> _LISTED ENTRIES_:
Start of Block

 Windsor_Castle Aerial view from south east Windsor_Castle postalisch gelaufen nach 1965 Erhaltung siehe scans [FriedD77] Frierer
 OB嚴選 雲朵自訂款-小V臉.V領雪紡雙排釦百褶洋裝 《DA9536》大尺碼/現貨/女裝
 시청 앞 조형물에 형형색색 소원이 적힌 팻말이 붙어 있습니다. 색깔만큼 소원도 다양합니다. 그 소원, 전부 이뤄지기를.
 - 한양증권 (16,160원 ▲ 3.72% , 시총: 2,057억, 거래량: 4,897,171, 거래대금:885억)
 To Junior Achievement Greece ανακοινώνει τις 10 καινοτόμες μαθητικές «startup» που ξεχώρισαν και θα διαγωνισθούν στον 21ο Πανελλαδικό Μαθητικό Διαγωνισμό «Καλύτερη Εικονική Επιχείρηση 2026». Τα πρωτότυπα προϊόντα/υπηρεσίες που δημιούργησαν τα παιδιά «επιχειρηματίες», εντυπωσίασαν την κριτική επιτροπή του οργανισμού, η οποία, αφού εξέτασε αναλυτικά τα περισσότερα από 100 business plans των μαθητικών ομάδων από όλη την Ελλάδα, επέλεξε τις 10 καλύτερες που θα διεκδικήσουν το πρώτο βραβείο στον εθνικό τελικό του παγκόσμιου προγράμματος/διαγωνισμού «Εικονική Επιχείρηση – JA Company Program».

End of Block
Start of Block

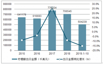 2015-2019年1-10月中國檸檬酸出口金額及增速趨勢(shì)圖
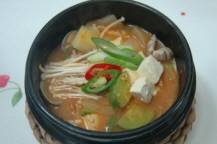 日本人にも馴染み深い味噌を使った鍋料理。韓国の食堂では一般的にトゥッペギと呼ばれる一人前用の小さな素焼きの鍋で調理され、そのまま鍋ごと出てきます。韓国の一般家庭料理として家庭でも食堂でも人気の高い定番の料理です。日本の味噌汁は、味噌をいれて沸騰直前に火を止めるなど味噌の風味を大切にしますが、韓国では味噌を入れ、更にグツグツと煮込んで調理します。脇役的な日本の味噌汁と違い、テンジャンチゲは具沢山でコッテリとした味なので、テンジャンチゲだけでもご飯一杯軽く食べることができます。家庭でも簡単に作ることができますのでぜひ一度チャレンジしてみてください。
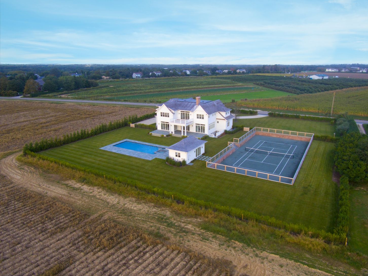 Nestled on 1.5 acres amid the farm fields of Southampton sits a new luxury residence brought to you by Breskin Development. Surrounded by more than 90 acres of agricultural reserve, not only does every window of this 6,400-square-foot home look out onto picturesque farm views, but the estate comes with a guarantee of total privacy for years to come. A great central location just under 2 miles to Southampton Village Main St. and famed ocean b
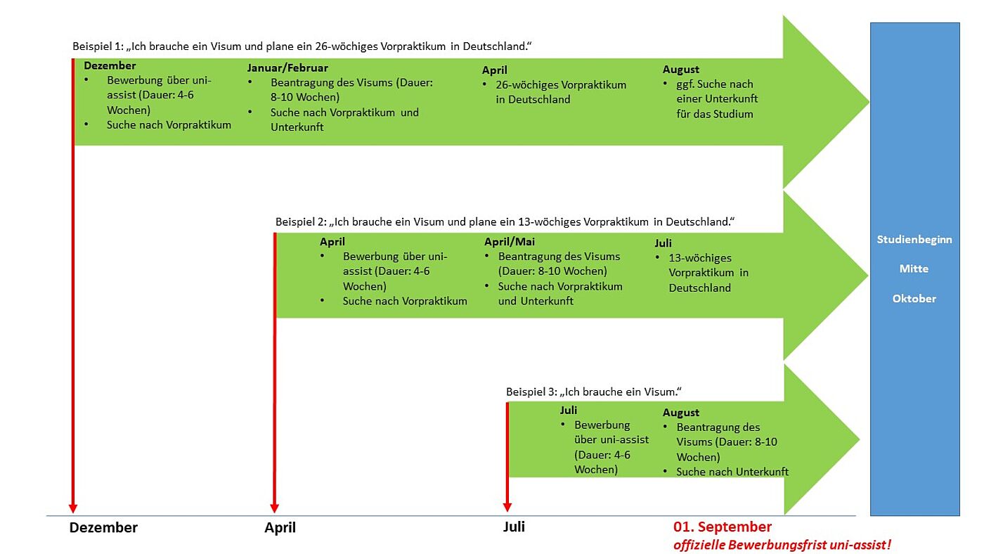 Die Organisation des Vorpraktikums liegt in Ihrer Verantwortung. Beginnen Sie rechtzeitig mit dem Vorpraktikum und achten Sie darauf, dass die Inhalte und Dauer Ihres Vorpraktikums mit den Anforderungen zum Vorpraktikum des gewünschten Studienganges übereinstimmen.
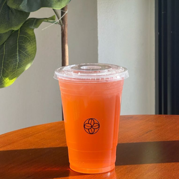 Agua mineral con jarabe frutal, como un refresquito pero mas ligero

End of Block

> _EXERCISE PROMPT_: What is asked for is an exact copy of the lines above from the one containing "Windsor_Castle Aerial view" through the one containing "To Junior Achievement", and only those.

> _SOLVED PROBLEM_:
 Windsor_Castle Aerial view from south east Windsor_Castle postalisch gelaufen nach 1965 Erhaltung siehe scans [FriedD77] Frierer
 OB嚴選 雲朵自訂款-小V臉.V領雪紡雙排釦百褶洋裝 《DA9536》大尺碼/現貨/女裝
 시청 앞 조형물에 형형색색 소원이 적힌 팻말이 붙어 있습니다. 색깔만큼 소원도 다양합니다. 그 소원, 전부 이뤄지기를.
 - 한양증권 (16,160원 ▲ 3.72% , 시총: 2,057억, 거래량: 4,897,171, 거래대금:885억)
 To Junior Achievement Greece ανακοινώνει τις 10 καινοτόμες μαθητικές «startup» που ξεχώρισαν και θα διαγωνισθούν στον 21ο Πανελλαδικό Μαθητικό Διαγωνισμό «Καλύτερη Εικονική Επιχείρηση 2026». Τα πρωτότυπα προϊόντα/υπηρεσίες που δημιούργησαν τα παιδιά «επιχειρηματίες», εντυπωσίασαν την κριτική επιτροπή του οργανισμού, η οποία, αφού εξέτασε αναλυτικά τα περισσότερα από 100 business plans των μαθητικών ομάδων από όλη την Ελλάδα, επέλεξε τις 10 καλύτερες που θα διεκδικήσουν το πρώτο βραβείο στον εθνικό τελικό του παγκόσμιου προγράμματος/διαγωνισμού «Εικονική Επιχείρηση – JA Company Program».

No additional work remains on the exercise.